SC: Ooh-hoo-hoo-hoo!
AB: All right, I'm just going to put this on here, and uh, and sprinkle a little bit right on top. You don't want to go overboard. And what we're looking for here, Santa, is quarter-inch thickness. [hands the rolling pin to Santa] And let me just give you a little advice. Don't think about rolling it out into a circle. Just try to keep it rectangular, okay?
SC: All right.
AB: Ready? You look good. Apron looks good.
SC: Oh, good. Thanks. Thank you.
AB: Okay? It's all yours.
SC: Here we go! [laughs heartily as he mashes the dough]
AB: Uh, you're a powerful man, there, Santa! Uh, okay. That's, that's good. Great technique for a beginner. Now let's get another piece of dough, and this time we'll try to apply a little of, well, my brand of magic, okay?
SC: Ooh, yes.
AB: [produces bag of spacers]
SC: Hmm!

AB: Watch. [puts spacers on rolling pin] There, I think these spacers will help you control your roll. Oh, a little more dusting of sugar here, just a little. And there we go. Now remember, square. Start with light pressure in the middle, moving both directions. There you go. Just take it easy, take it easy.

Rolling pin spaces
are available
at most kitchen stores.

SC: Oh yes! That's very nice!
AB: Okay, now let's turn it.
SC: All right.
AB: And turn it over and go again. Let's just add a little more pressure each time. Little more pressure.
SC: Oh, ho ho!
AB: Well look, you jolly old elf! You've done it!
SC: Ho ho ho ho ho!
AB: But, we can't cut that yet.
SC: No? Why not?

AB: Because during the rolling we've generated some heat in the dough. And warm dough does not punch well, which is what cookie cutters do. So we've got an ice-cold aluminum pan here. Since it's cold and aluminum, it is going to suck any heat out of that dough lickety-spit. [sic]

Chill Dough 10 mins.
Before Cutting

SC: How long?
AB: Not long.
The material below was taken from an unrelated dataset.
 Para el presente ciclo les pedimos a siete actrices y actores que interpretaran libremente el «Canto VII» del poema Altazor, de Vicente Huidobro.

Ten minutes.
SC: Heh. [touches nose, thunder and lightning again]
AB: Lemme guess, I need to get the cookie cutters.
SC: [Santa pours glass from jug labeled "High Octane Egg Nog, Drink at your own risk!"]
AB: Now, cookie cutting may look like child's play, but there are some rules for having success. For one, you want to keep your cookies very simple in design, okay? I mean, take this reindeer, for instance. I mean, sure, this is really pretty, but believe me, there's no sugar dough on Earth that's going to tolerate being cut into those little shapes. And even if we could cut one out, by the time it baked, it would just run to together and look like, I dunno, Rudolph the Red-Nosed Protozoan.
SC: Who's not very Christmassy!
AB: No, I should say not.
SC: Now's a good time to give you your present!
AB: [excitedly] Yeah?
SC: [laughs and produces a bunch of metal cookie cutters tied with ribbon]
AB: [disappointed] Oh. Metal cookie cutters. Well, that's nice. You know, one of the reasons that I own plastic cookie cutters, and have never once asked for metal cookie cutters for Christmas, is because plastic is very, very durable. They're very, very reliable. They never rustthese [metal ones] rust at the drop of a hatand of course, these [plastic ones] never bend, whereas these [metal ones] bend very easily. [crushes metal angel-shaped cutter with ease]
SC: [sighs angrily]
AB: So, you know, I think we'll just stick with these plastic ones for now.
SC: Nothing but coal for you.

AB: Okay, lesson two. The more we roll the cookies, the tougher they're going to be. So we want to be very efficient and get the most out of the first cut as possible, okay? So, that means pre-positioning all of our cookie cutters, and kind of making sure we're getting the most out of them, okay? I'm just going to kind of spread them out here. And we should be able to get a lot of cookies out of this. Hard to believe, I know.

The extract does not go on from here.